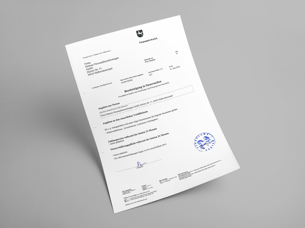 Steuerliche Bescheinigung Finanzamtes Aurich
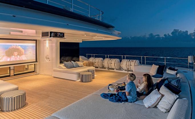 connectivity, playing live with friends can today be done from the middle of the Caribbean Sea, just as at home. For the big-screen experience, the crew can set up a gaming space around the yacht’s biggest screen, for example on FORMOSA’s UHD 4M x 1.5M / 13’ x 5’ screen or in WHEELS’ dedicated 12-seater cinema. By night, you can even enjoy gaming in an outdoor cinema, found today on many yachts and able to be set up quickly by the crew.
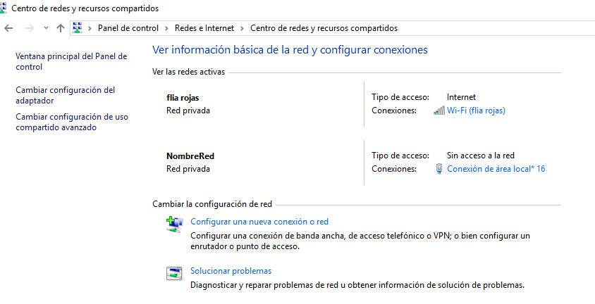 Accedemos desde el Panel de Control al Centro de Redes y Recursos compartidos, y seleccionar la opción Cambiar configuración del Adaptador.
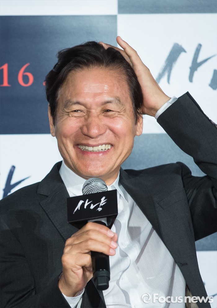 (서울=포커스뉴스) 30일 오전 서울 광진구 건대입구 롯데시네마에서 열린 영화 '사냥' 제작보고회에 참석한 배우 안성기가 미소를 짓고 있다.
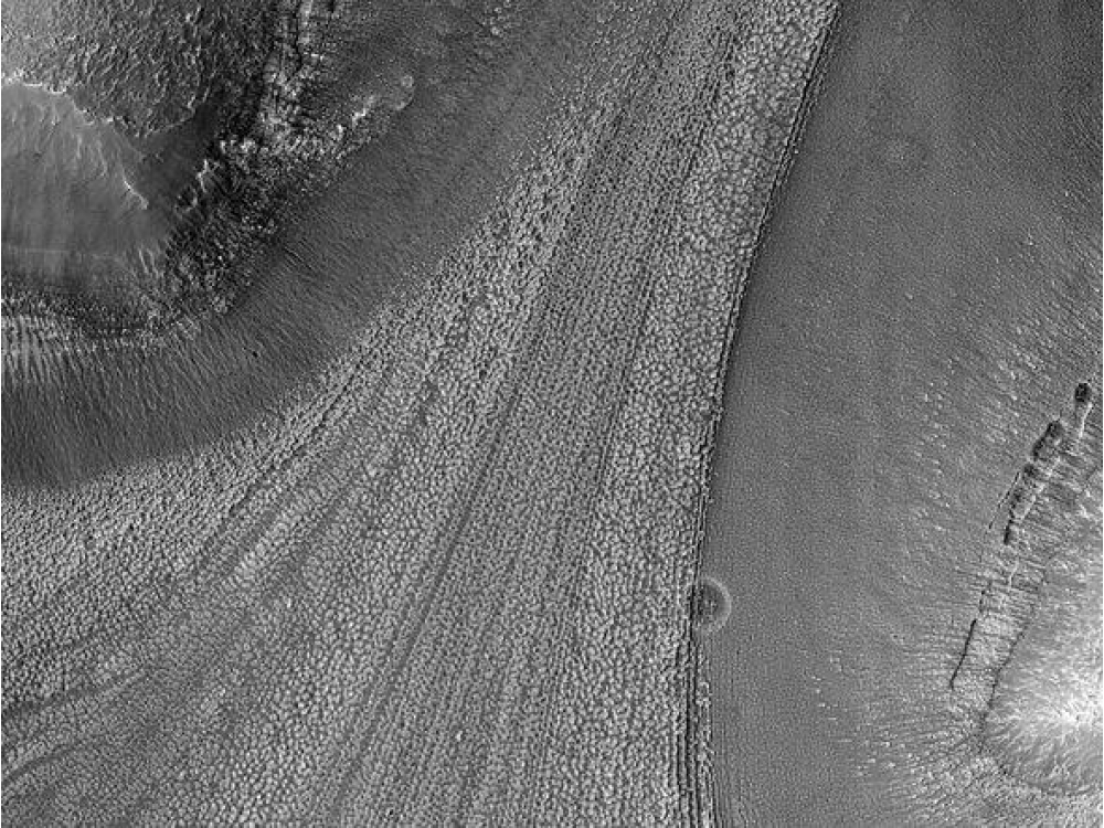 “İki sahil” xəbər verir ki, şəkildə Qırmızı planetin səthində qabırğalı xətlər şəklində füsunkar naxışlar göstərilir. Bu cizgilər tədricən landşaft boyunca hərəkət edən buzların izidir.
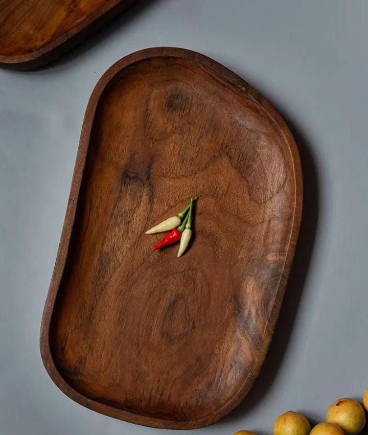 1050 No. Description : Teak Wood Irregular Decor Plate Set Of 2. Made Of Single Wood Block(no Joints). Handmade By Tribal Artisans Of Nagaland. Bring Natural And Bohemian Vibes To Your Table Settings And Decor. Location : Uttar Pradesh, India

● ● ● ● ●

Set down only the lines running from the line with "Accedemos desde el" to the end of the entries, inclusive; omit every picture.

 Accedemos desde el Panel de Control al Centro de Redes y Recursos compartidos, y seleccionar la opción Cambiar configuración del Adaptador.
 (서울=포커스뉴스) 30일 오전 서울 광진구 건대입구 롯데시네마에서 열린 영화 '사냥' 제작보고회에 참석한 배우 안성기가 미소를 짓고 있다.
 “İki sahil” xəbər verir ki, şəkildə Qırmızı planetin səthində qabırğalı xətlər şəklində füsunkar naxışlar göstərilir. Bu cizgilər tədricən landşaft boyunca hərəkət edən buzların izidir.
 1050 No. Description : Teak Wood Irregular Decor Plate Set Of 2. Made Of Single Wood Block(no Joints). Handmade By Tribal Artisans Of Nagaland. Bring Natural And Bohemian Vibes To Your Table Settings And Decor. Location : Uttar Pradesh, India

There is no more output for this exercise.